Most leakage-resilient cryptographic constructions aim at limiting the information adversaries can obtain about secret keys. In the case of asymmetric algorithms, this is usually obtained by secret sharing (aka masking) the key, which is made easy by their algebraic properties. In the case of symmetric algorithms, it is rather key evolution that is exploited. While more efficient, the scope of this second solution is limited to stateful primitives that easily allow for key evolution such as stream ciphers. Unfortunately, it seems generally hard to avoid the need of (at least one) execution of a stateless primitive, both for encryption and authentication protocols. As a result, fresh re-keying has emerged as an alternative solution, in which a block cipher that is hard to protect against side-channel attacks is re-keyed with a stateless function that is easy to mask. While previous proposals in this direction were all based on heuristic arguments, we propose two new constructions that, for the first time, allow a more formal treatment of fresh re-keying. More precisely, we reduce the security of our re-keying schemes to two building blocks that can be of independent interest. The first one is an assumption of Learning Parity with Leakage, which leverages the noise that is available in side-channel measurements.

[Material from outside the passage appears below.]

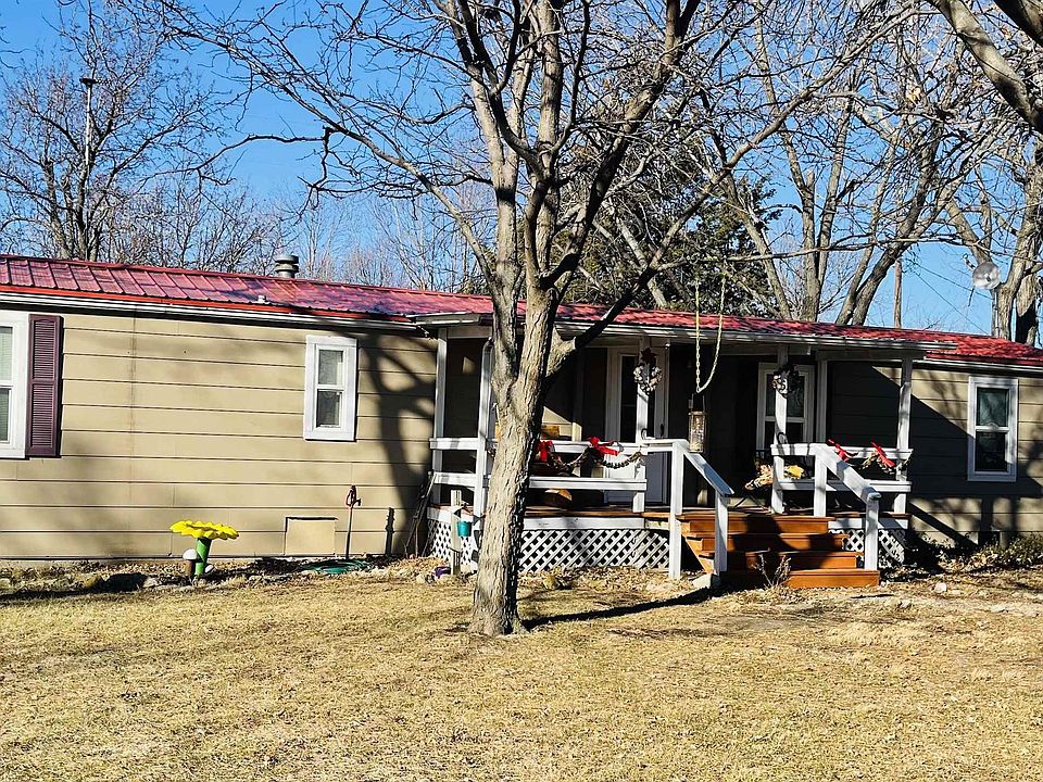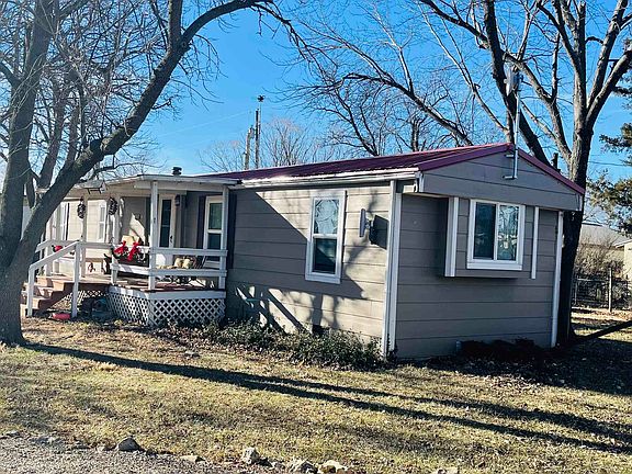 LAKE LIVING! Just 60 minutes from Wichita or Salina, less than an hours drive to El Dorado, McPherson or Emporia. You will love living at Marion Reservoir's Eastshore development! Enjoy hiking, boating and fishing just minutes to the water. This is a slow paced, quiet neighborhood where you will enjoy beautiful sunrises and sunsets as well as a variety of wildlife. Charming 2 bedroom 1.5 bath home at Marion Reservoir. Open floor plan with vaulted ceilings in the living and kitchen. New metal roof and insulation installed in the fall of 2022. Remodeled in 2008 to include new replacement windows, insulation, siding, flooring and updated bathroom with walk-in shower. Kitchen appliances included as well as washer dryer. Large 100 x 120 lot with fenced in backyard, 12 x 8 garden shed and 28 x 26 garage, with room to store your boat!

The second one is based on the Learning With Rounding assumption, which can be seen as an alternative solution for low-noise implementations. Both constructions are efficient and easy to mask, since they are key homomorphic or almost key homomorphic.

Keywords

Security Level Block Cipher Random Oracle Linear Feedback Shift Register Pseudo Random Function 
These keywords were added by machine and not by the authors. This process is experimental and the keywords may be updated as the learning algorithm improves.

Notes

Acknowledgements

Stefan Dziembowski is supported by the Foundation for Polish Science WELCOME/2010-4/2 grant founded within the framework of the EU Innovative Economy Operational Programme. Sebastian Faust is funded by the Emmy Noether Program FA 1320/1-1 of the German Research Foundation (DFG). Gottfried Herold is funded by the ERC grant 307952 (acronym FSC). Anthony Journault is funded by the INNOVIRIS project SCAUT. Daniel Masny is supported by the DFG Research Training Group GRK 1817/1. François-Xavier Standaert is a research associate of the Belgian Fund for Scientific Research (FNRS-F.R.S.). His work was funded in parts by the ERC project 280141 (acronym CRASH) and the ARC project NANOSEC.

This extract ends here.